I have so far not seen any perfect complaint for cheque bounce.

And any body not interested to hear any contrary advice pl remain happy with your beliefs.
prabhakar singh (Expert) 14 March 2014
If the accused has a convincing explanation of the fact why did he issue the cheque, chances are very remote for facts stated here in this query to make it a case of conviction or even to get a civil decree.

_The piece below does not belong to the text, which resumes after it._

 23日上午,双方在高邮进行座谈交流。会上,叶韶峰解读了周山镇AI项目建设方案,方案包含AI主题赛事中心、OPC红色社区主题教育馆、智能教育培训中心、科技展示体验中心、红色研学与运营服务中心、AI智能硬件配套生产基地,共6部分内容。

prabhakar singh (Expert) 14 March 2014
As was held by APEX court in P.venugopal Vs Madan P.Sarathi :" that under Sections 139, 118 (a) and 138 of the N.I. Act existence of debt or other liabilities has to be proved in the first instance by the complainant but thereafter the burden of proving to the contrary shifts to the accused. Thus, the plea that the instrument/cheque had been obtained from its lawful owner or from any person in lawful custody thereof by means of an offence or fraud or had been obtained from the maker or acceptor thereof by means of an offence or fraud or for unlawful consideration, the burden of disproving that the holder is a holder in due course lies upon him. Hence, this Court observed therein, that indisputably, the initial burden was on the complainant but the presumption raised in favour of the holder of the cheque must be kept confined to the matters covered thereby. Thereafter, the presumption raised does not extend to the extent that the cheque was not issued for the discharge of any debt or liability which is not required to be proved by the complainant as this is essentially a question of fact and it is the defence which has to prove that the cheque was not issued towards discharge of a lawful debt.

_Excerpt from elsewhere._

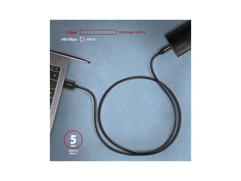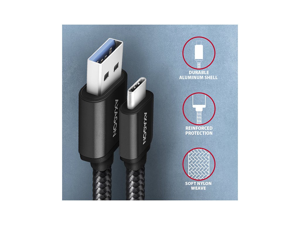 Prémiový propojovací USB-C <-> USB-A datový a nabíjecí AXAGON BUCM3-AM10AB SPEED USB 3.2 Gen 1 kabel s konektory USB-C male a USB-A male. Kabel je navržen pro rychlé datové přenosy a nabíjení notebooků, telefonů, tabletů a dalších mobilních zařízení. Podporuje přenos dat rychlostí až 5 Gb/s a nabíjení proudem až 3A. Odolný datový a napájecí kabel s prodlouženou životností je opatřen kovovými koncovkami, konektory s poniklovaným povrchem a pozlacenými kontakty. Vodiče kabelu jsou vyrobené z pocínované bezkyslíkaté mědi. Kvalitní izolace kabelu, vyrobená z flexibilního TPE, zaručuje maximální odolnost, ale zachovává i dostatečnou ohebnost. Konečnou pevnost kabelu dodává nylonový oplet. Bonusem je praktická páska pro snadné sbalení kabelu. Napájecí vodiče 22AWG (nižší číslo = větší průřez a nižší odpor vodiče) garantují rychlé nabíjení telefonů a dalších mobilních zařízení. Datové vodiče 30AWG spolu s kvalitním stíněním, zajišťují spolehlivý přenos dat. Trojité stínění chrání přenášené signály před nepříznivým rušením. Nylonový oplet v kombinaci s kabelovou průchodkou podstatně zmírňují nebezpečný ohyb kabelu. Životnost kabelu je tak prodloužena na více jak 8000 standardních ohybů. Mechanickou odolnost kabelu zvyšují také hliníkové kryty koncovek. Konektory: • USB-C (M) male / samec • USB-A (M) male / samec Další vlastnosti: • DATA SYNC & FAST CHARGING - současný přenos dat a dobíjení baterie mobilního zařízení. • SuperSpeed USB - USB 3.2 Gen 1 (dříve USB 3.1 Gen 1 / USB 3.0). • Kompatibilní také s USB 3.2 Gen 2, zpětně kompatibilní s USB 2.0. • Podpora přenosových rychlostí 5.000 / 480 / 12 / 1.5 Mb/s (SuperSpeed / High / Full / Low speed). • Podpora rychlého nabíjení proudem až 3A. • Podporované technologie nabíjení: Qualcomm Quick Charge 2.0 / 3.0 / 4+, Samsung Adaptive Fast Charging, Huawei Fast Charge Protocol, SMART Charging a další. • Kabel obsahuje napájecí vodiče 22AWG, datové vodiče 30AWG. • Vodiče z pocínované bezkyslíkaté mědi pro omezení oxidace, zvýšení vodivosti a čistý signál bez zkreslení. • Dvojnásobné stínění pokovenou fólií a opletení z pocínované mědi minimalizuje rušení a zabraňuje ztrátě signálu. • Poniklované konektory a pozlacené kontakty zamezují oxidaci a zajišťují spolehlivé spojení. • Vhodný pro mobilní telefony a smartphony, tablety, powerbanky a další mobilní zařízení s USB-C konektorem. Další údaje: • délka kabelu 1 m, • vnější průměr kabelu 4.5 mm. Balení v zataveném fóliovém obalu s potiskem a s otvorem pro zavěšení obsahuje: • USB-C M <-> USB-A M kabel černé barvy, • stahovací páska.Dodatočné parametre

In a recent pronouncement by Apex Court the view above was reconfirmed in Vijay vs.laxman : http://indiankanoon.org/doc/53206885/
Biswanath Roy (Expert) 14 March 2014
The case reference as referred to by Learned Mr.Prabhakar SinghJi is a right one.It is a common phenomenon in combating a case that the prosecution have to discharge his burden in proving the guilty of the accused by submitting relevant direct evidences and circumstantial evidences. In opposition the accused have to discharge his onus to rebut the alleged claim of the prosecution. Thereafter both the parties will be legally liable to discharge their shifting onus one after another if needed.
prabhakar singh (Expert) 14 March 2014
I am thankful for opinion expressed by LD.Mr. BISHANATH ROY.
THESES THINGS ARE TOO BROAD TO BE DISCUSSED IN narrow facts we get stated in queries.
THINGS ARE CORRELATIVE and are SUBJECTIVE and SPECIFIC and depends on how prudently the two sides develop it at bar and how their lordships APPRECIATE it at BENCH.